The World Cup: Lessons from Mathematical Models

Published on 6th December 2022

Key Highlights

1.Towards the Quarter Final, the model mean marginal advantages are more concrete, where 1.7% is likely to result in a difference of one goal.

2.Quality coaching with leadership in attitude development and investments in attracting, skilling, and retaining key talents in the form of top scorers and goalkeepers, are the bare minimum required to disrupt the pre-quarter-final exit tradition for African teams.

3.The priority intervention areas for African teams are mentality, score drive, tactical inventiveness, and team coherence.

4.Setting and mapping out the critical spatio-temporal and geometric aspects of the training ground and practice sessions should benefit from applied geospatial technologies to enhance precision and accuracy, hence the need to engage geospatial expertise.

5.Going forward, policy development to effectively address nine variables of winning in the tournament is the critical challenge Sports Ministers in Africa must champion and steer with zeal and integrity.

A World Cup of Inordinate Surprises

The World Cup captures the imagination and dreams of nations. It brings us together in diversity. Isn’t the World Cup, therefore, a great opportunity to popularise and socialise mathematics, which is otherwise a dreaded subject boring to the majority within classroom walls? Are mathematics scholars modelling the World Cup to prove to the world that mathematics is the most powerful language for rational decision-making, based on data?

The author of Soccermatics, a professor of mathematics called David Sumpter, has already shown the way in applying mathematics to model football outcomes. His approach is advanced, targeting postgraduate students.
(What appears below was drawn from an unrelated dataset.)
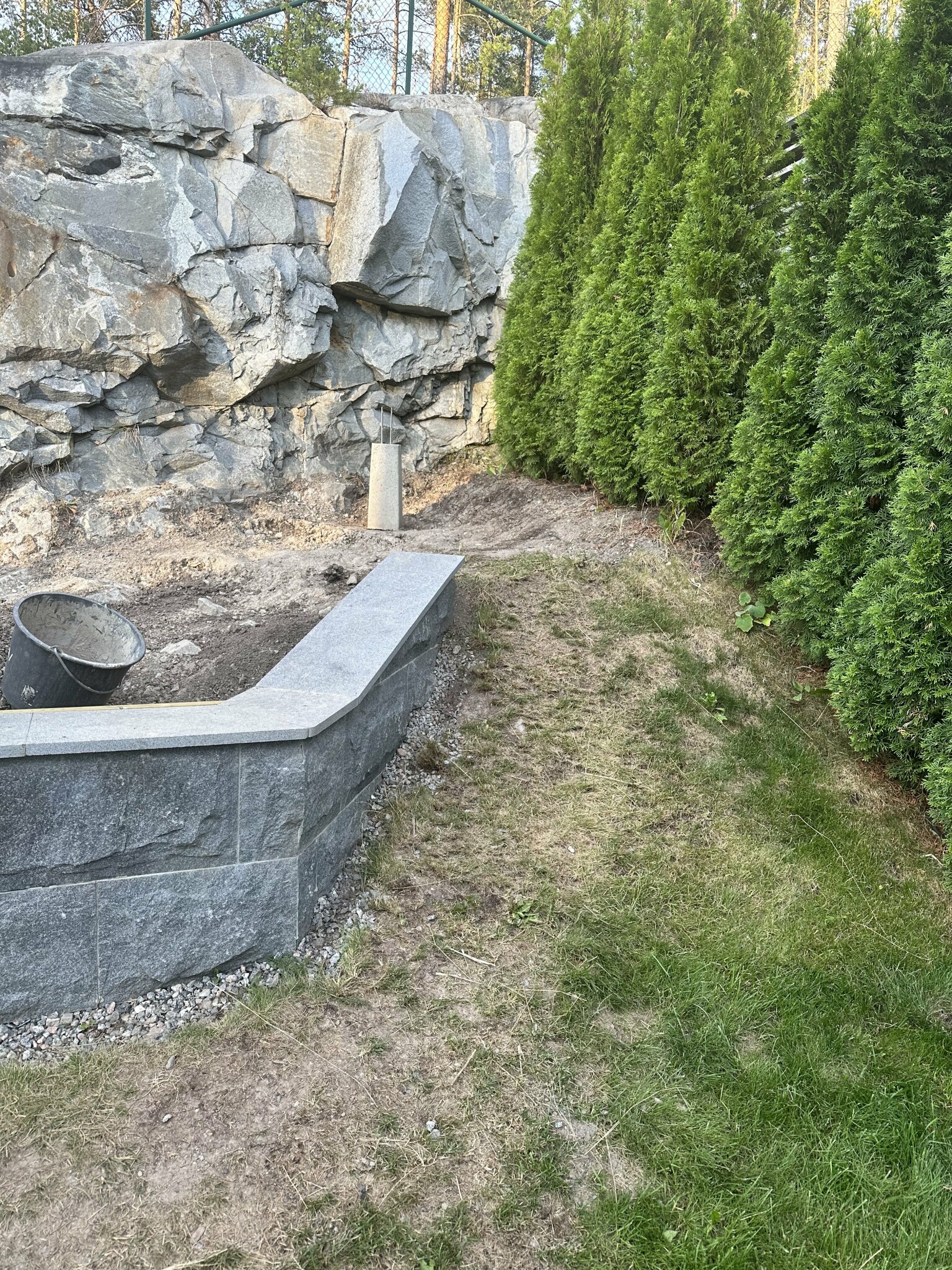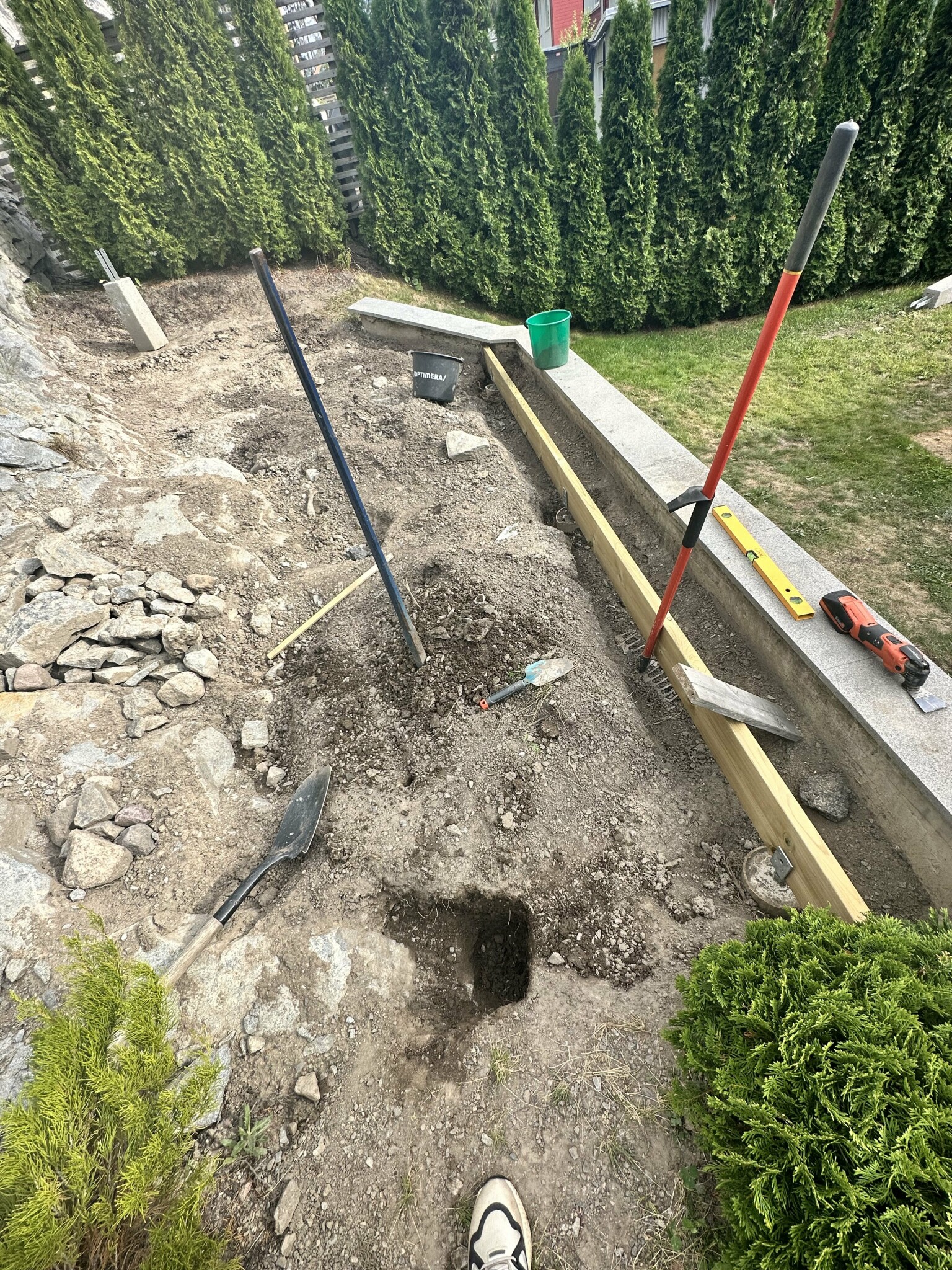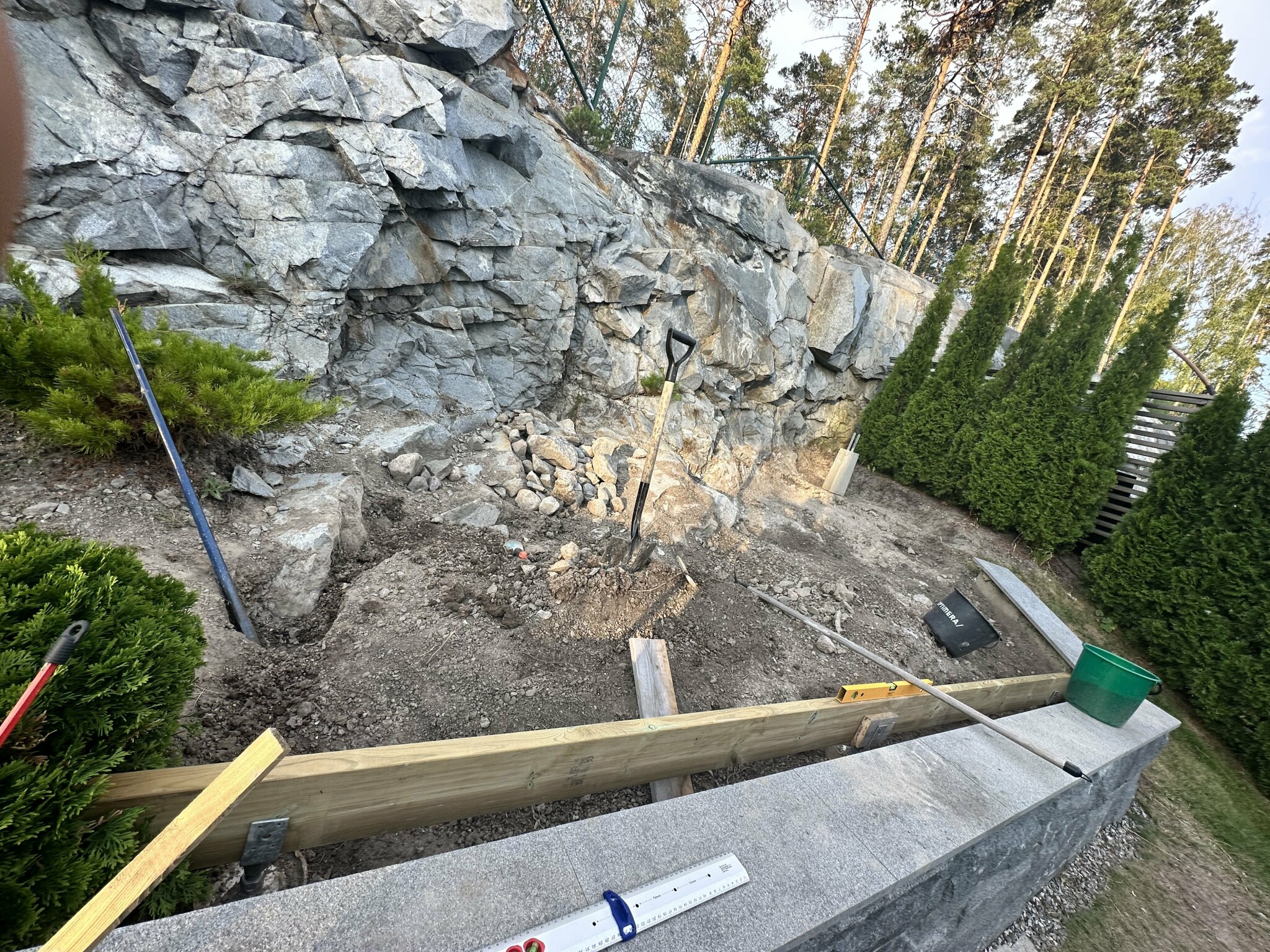 Planen: bygga terrass mot bergväggen med trappa (ca 5 trappsteg) upp längs thujorna.

To demystify football modelling and present a simple but useful model, the author tested a model during the 2018 World Cup, improved it to expand from six to nine variables, and is now applying the improved model to predict the outcomes of the more intriguing 2022 World Cup.

The 2022 World Cup has rightly earned the title of a tournament of inordinate surprises. The model presented here has confirmed the same. The group stages proved the model to be grossly off in four out of twenty-four group matches that the model predicted. The four surprises, outliers par excellence, were:

Group D: Denmark against Australia – The model gave Denmark a 6.5% mean marginal advantage over Australia, but Australia won 1-0

Group E: Spain against Japan – The model gave Spain a 5.5% mean marginal advantage over Japan, but Japan won 2-1

Group G: Brazil against Cameroon – The model gave Brazil a 7.9% mean marginal advantage over Cameroon, but Cameroon won 1-0 and became the first African country to defeat Brazil at the tournament, ending Brazil’s streak of 17 unchallenged instances at the group stage. 
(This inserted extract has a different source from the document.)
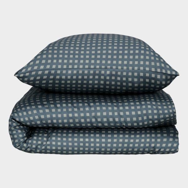 Nedtonet og lugtfrit grønt- og gråtternet bambus sengetøj 140×200 Vores bambus sengetøj i oliven/grålig blå ternet i størrelse 140×200 cm vil give dig følelsen af at ligge på en silkeblød sky, hver gang du skal sove. De nedtonede grå og olivenfarvede tern
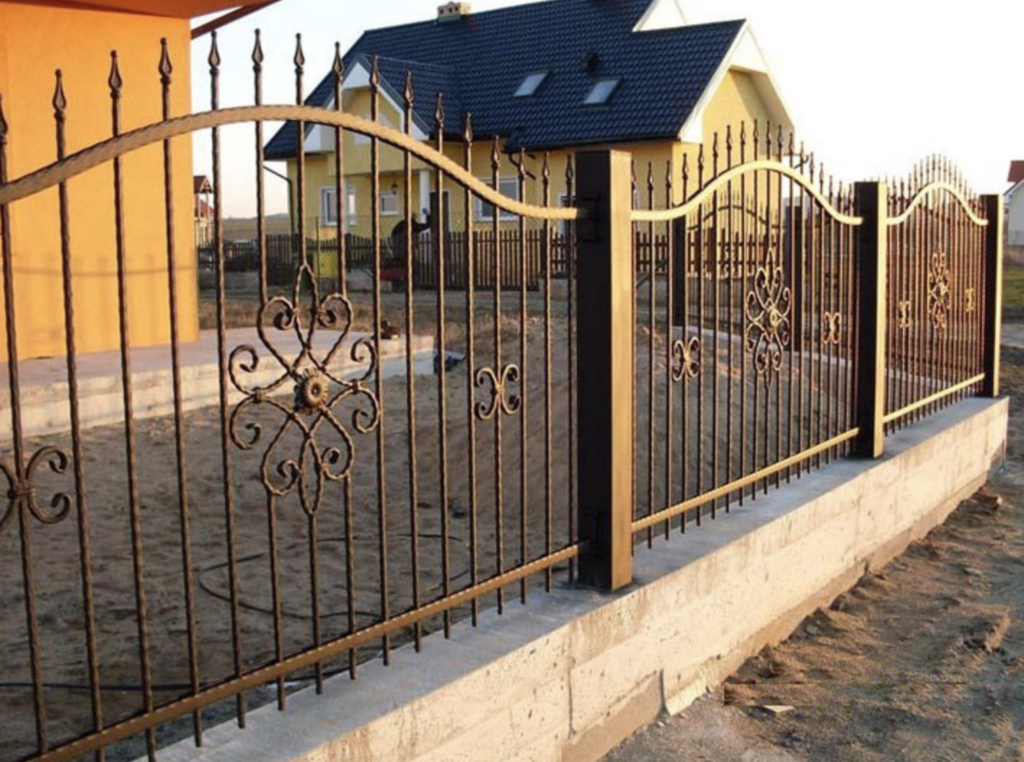 Это самый дорогостоящий вид ограждения. Для его удешевления применяют небольшие вставки из кованых элементов в обычном металлическом заборе на бетонных или стальных опорах.

Group H: Portugal against South Korea – The model gave Portugal a 7.9% mean marginal advantage over South Korea, but South Korea won 2-1

Soccer and Mathematics

The nexus between soccer and mathematics may look far-fetched. Nothing could be farther from the truth. Mathematical lessons from soccer are critical to decision-making, to help increase the winning chances of teams from Africa, which have been yearning for a place in the advanced stages of the World Cup for decades. Kenya’s Sports Minister, for example, has promised the country a place in the World Cup in 2030. There is a real and urgent need to involve mathematicians and scientists in recalibrating Africa’s football to reach greater heights. 

Soccer has been referred to as a game of chance. This statement must excite any mathematician, because it makes soccer the practical go-to arena for applying axiomatic probability. Prof. David Sumpter has even gone further to show the way, by developing Soccermatics as a postgraduate course in applied mathematics for the football industry. Creative application of knowledge knows no boundaries – interesting!
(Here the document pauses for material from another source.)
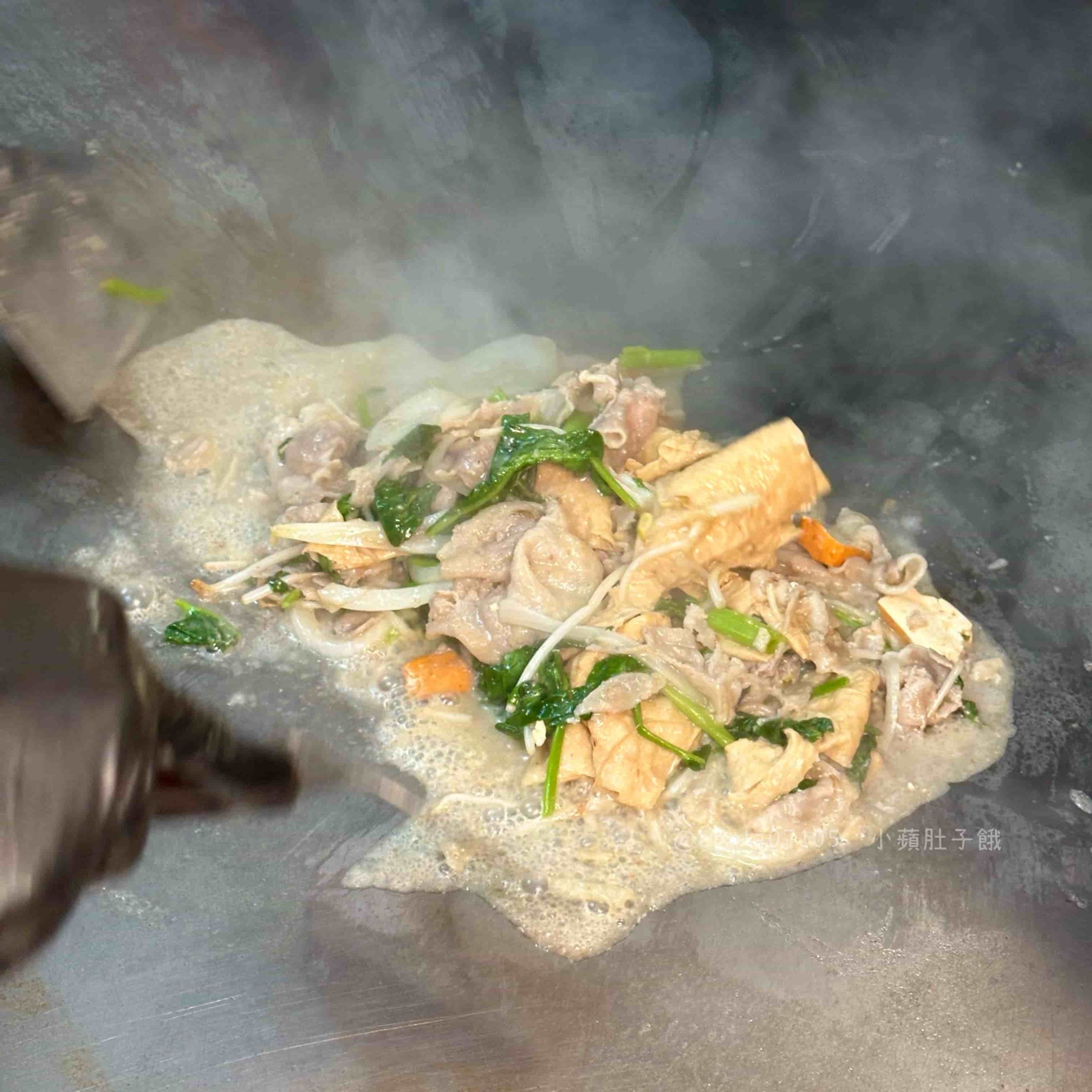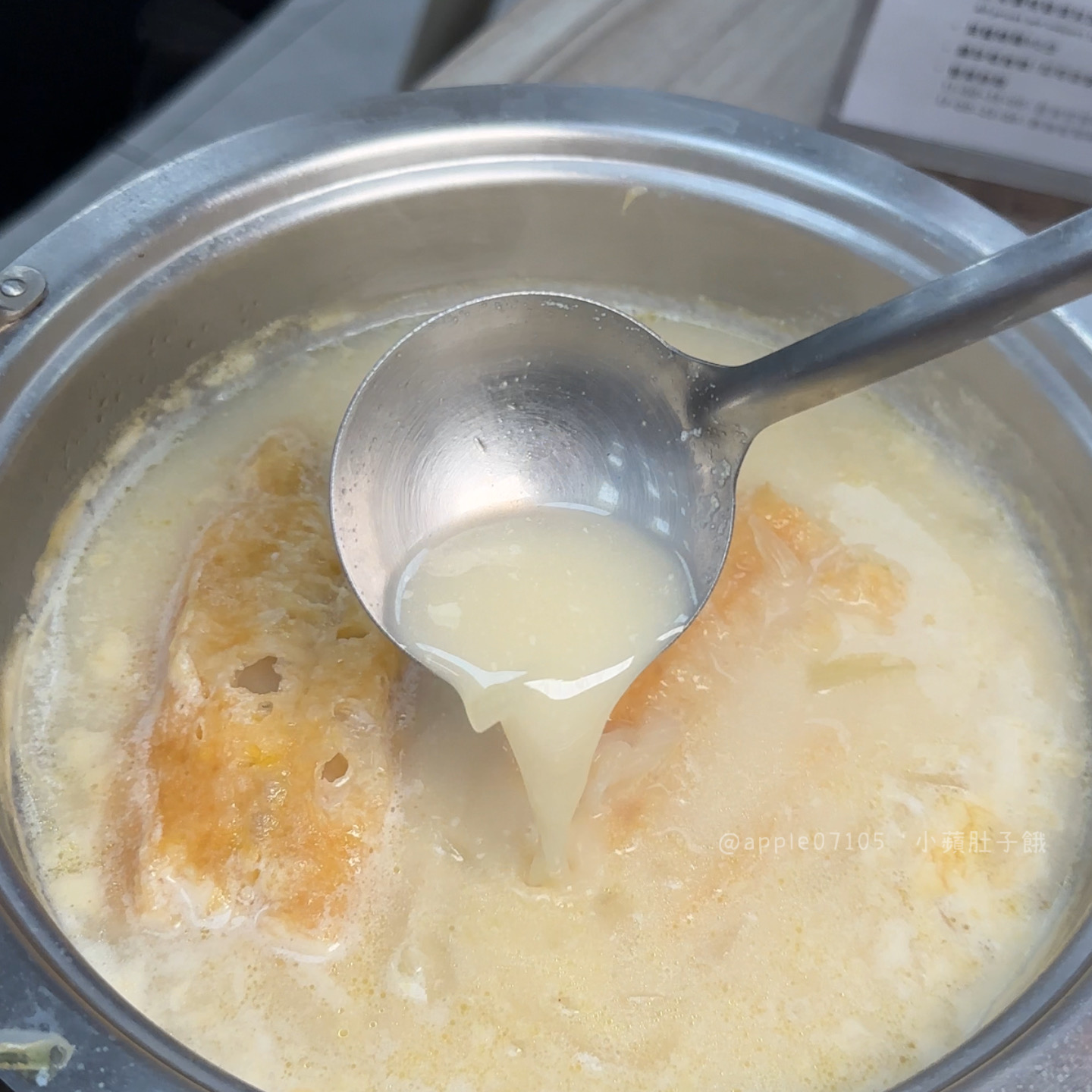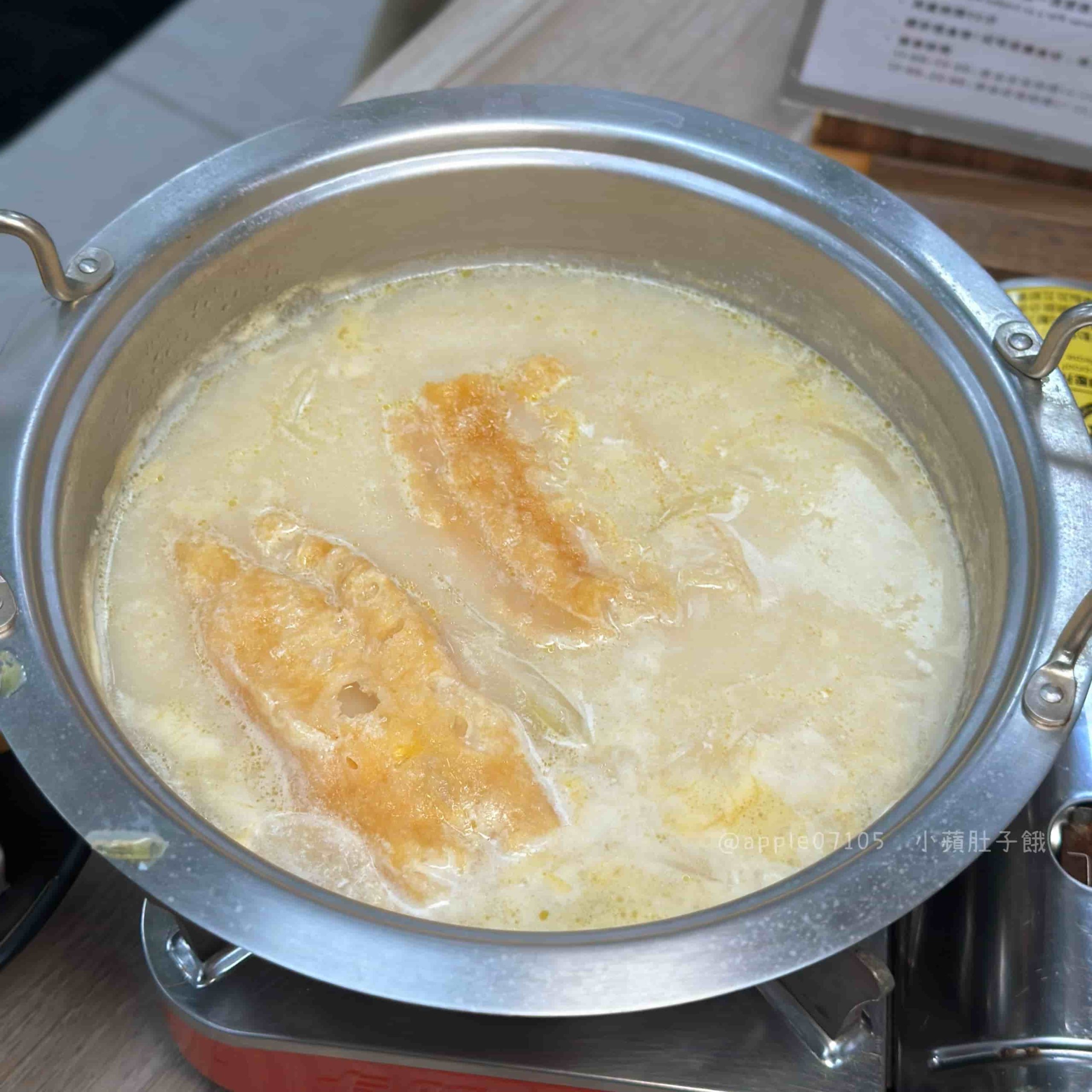 乳白色湯頭喝起來濃郁帶甜,裡頭還有油條一起熬煮,吸滿湯汁後口感軟中帶脆

Unlike the advanced approach by Prof. David Sumpter, the model shared here is simplified to be readily digestible to high school and college students. The goal is to inspire learning by application while exploiting the infectious, pervasive and global fascination of the World Cup moments. The model draws on real-world examples, which have been used to predict the outcome of the games played at both the 2018 World Cup and the continuing 2022 World Cup. The model predicted France’s victory in the 2018 World Cup, giving it a 1.9% mean marginal advantage over Croatia. The 2018 World Cup experience has led to the establishment of nine variables of key importance in football modelling. The insights and lessons drawn from this experience are key to socialising and popularising STEM education while nurturing scientific curiosity, innovation, and creativity among young learners.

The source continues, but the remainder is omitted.